Use our Smolov Squat Routine calculator to simplify things!

 

TIPS FOR SMOLOV

  • Calculate off of a conservative “1RM”. If you calculate too heavy, you have a high chance of failing, or injury (use in the included spreadsheet).
  • Don’t Deadlift (or do anything taxing on the back). It is recommended to stay far away from anything that requires lower back recovery. You will need to recover all you can.
  • Take action to improve recovery.
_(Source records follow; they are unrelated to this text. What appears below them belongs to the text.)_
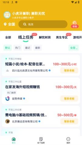 1、 小虎牙兼职的操作界面非常简洁明了,用户可以轻松地浏览兼职任务列表,并快速申请感兴趣的工作。
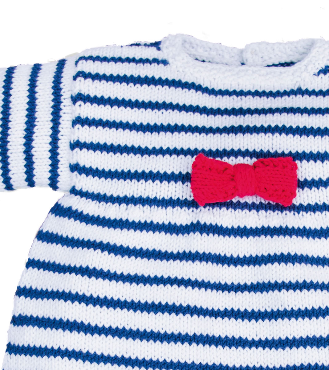 Lana Grossa Qualität „Elastico“, 96 % Baumwolle, 4 % Polyester, Lauflänge 160 m/50 g; je ca. 50 g Leuchtendrot (Fb 78) und Royal (Fb 114) und ca. 100 (100/150) g Weiß (Fb 1); Stricknadeln Nr. 3,5, eine 40 cm lange Rundstricknadel Nr. 3,5, Spielstricknadeln Nr. 3,5, eine Häkelnadel Nr. 3; 2 Knöpfe, ein Gummiband.
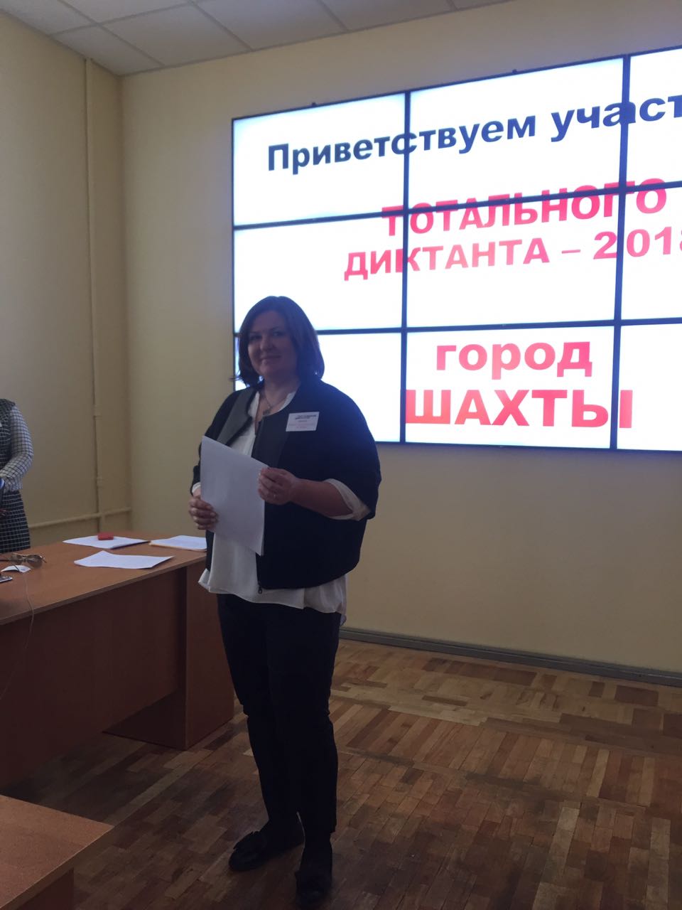 Председатель городской Думы — глава города Шахты Ирина Жукова на главной площадке, расположенной в стенах Шахтинского института (филиал) ЮРГПУ(НПИ) им. М.И. Платова, читала вслух диктант, автором которого в этом году стала Гузель Яхина, автор романа «Зулейха открывает глаза», лауреат премий «Большая книга», «Ясная Поляна» и «Книга года».

Eat a large amount of food, and sleep uninterrupted. Starting this cycle when you know daily stress levels will be low is recommended. You may want to invest in something like a foam roller, and other recovery methods.
  • Expect it to be harder than expected! Some lifters report adjusting a bit around week two.